== Data section ==
----
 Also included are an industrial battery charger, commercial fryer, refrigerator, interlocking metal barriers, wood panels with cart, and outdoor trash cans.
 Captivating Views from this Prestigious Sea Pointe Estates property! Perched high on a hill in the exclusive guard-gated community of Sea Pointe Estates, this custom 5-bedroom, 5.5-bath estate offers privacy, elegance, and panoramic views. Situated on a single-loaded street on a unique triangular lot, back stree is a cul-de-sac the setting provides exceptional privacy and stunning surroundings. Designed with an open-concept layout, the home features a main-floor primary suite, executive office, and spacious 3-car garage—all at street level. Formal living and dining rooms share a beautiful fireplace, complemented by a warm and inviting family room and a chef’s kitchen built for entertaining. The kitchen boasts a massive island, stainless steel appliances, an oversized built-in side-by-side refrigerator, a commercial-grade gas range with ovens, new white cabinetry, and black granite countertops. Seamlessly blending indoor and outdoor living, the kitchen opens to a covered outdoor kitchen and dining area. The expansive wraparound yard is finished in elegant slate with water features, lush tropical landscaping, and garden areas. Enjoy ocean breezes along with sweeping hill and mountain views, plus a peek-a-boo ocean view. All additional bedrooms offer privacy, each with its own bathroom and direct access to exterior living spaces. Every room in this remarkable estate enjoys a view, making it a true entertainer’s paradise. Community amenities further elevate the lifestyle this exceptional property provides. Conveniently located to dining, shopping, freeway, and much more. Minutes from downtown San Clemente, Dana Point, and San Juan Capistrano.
----
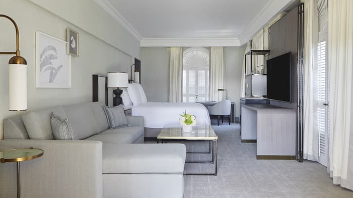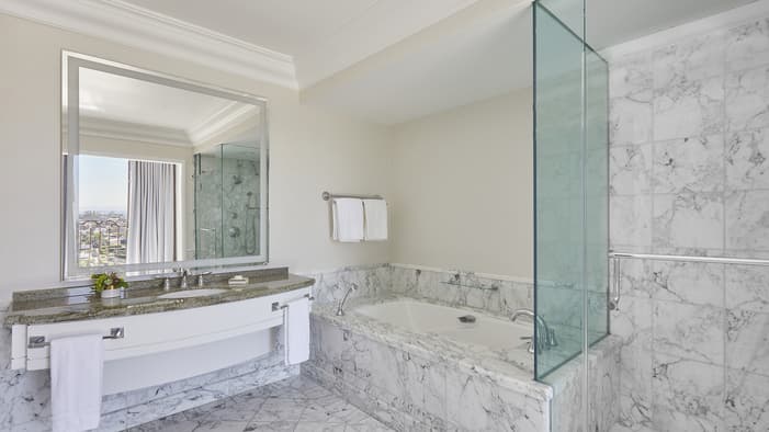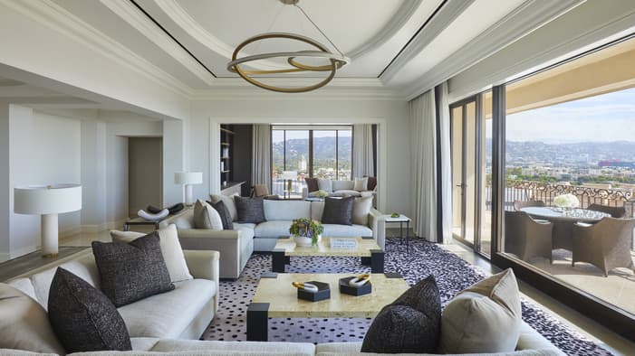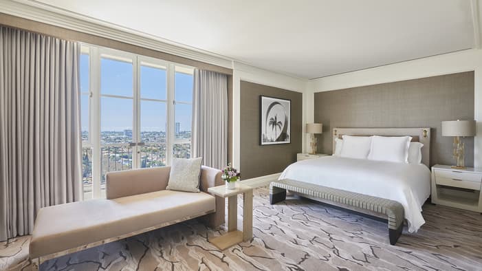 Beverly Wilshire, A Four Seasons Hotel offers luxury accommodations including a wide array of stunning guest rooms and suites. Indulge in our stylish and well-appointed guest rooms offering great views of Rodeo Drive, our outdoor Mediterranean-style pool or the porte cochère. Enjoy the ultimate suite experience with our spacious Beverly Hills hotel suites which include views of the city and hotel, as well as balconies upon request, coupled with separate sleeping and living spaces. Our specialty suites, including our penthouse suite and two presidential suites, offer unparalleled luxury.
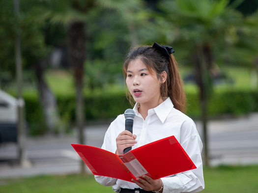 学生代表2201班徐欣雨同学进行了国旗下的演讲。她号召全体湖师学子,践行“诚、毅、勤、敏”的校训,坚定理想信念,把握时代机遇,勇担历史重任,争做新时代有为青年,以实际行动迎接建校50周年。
----
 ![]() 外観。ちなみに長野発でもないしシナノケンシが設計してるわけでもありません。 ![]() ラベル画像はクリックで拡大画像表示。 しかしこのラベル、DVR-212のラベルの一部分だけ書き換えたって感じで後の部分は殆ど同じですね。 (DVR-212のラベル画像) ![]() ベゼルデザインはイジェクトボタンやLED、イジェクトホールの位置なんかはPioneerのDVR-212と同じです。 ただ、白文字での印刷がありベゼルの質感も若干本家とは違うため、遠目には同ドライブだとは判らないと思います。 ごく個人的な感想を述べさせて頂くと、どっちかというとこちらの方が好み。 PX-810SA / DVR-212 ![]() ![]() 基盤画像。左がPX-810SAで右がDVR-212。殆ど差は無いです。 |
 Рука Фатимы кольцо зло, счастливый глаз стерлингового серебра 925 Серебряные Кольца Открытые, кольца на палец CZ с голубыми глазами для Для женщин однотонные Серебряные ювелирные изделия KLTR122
----
== About this exercise ==
Out of the entries above, write out only the lines between the line holding "DVR-212 ![]() ![]() 基盤画像。左がPX-810SAで右がDVR-212。殆ど差は無いです。 |" and the line holding "Рука Фатимы кольцо", inclusive, each exactly as given.

== Exercise answer ==
 ![]() 外観。ちなみに長野発でもないしシナノケンシが設計してるわけでもありません。 ![]() ラベル画像はクリックで拡大画像表示。 しかしこのラベル、DVR-212のラベルの一部分だけ書き換えたって感じで後の部分は殆ど同じですね。 (DVR-212のラベル画像) ![]() ベゼルデザインはイジェクトボタンやLED、イジェクトホールの位置なんかはPioneerのDVR-212と同じです。 ただ、白文字での印刷がありベゼルの質感も若干本家とは違うため、遠目には同ドライブだとは判らないと思います。 ごく個人的な感想を述べさせて頂くと、どっちかというとこちらの方が好み。 PX-810SA / DVR-212 ![]() ![]() 基盤画像。左がPX-810SAで右がDVR-212。殆ど差は無いです。 |
 Рука Фатимы кольцо зло, счастливый глаз стерлингового серебра 925 Серебряные Кольца Открытые, кольца на палец CZ с голубыми глазами для Для женщин однотонные Серебряные ювелирные изделия KLTR122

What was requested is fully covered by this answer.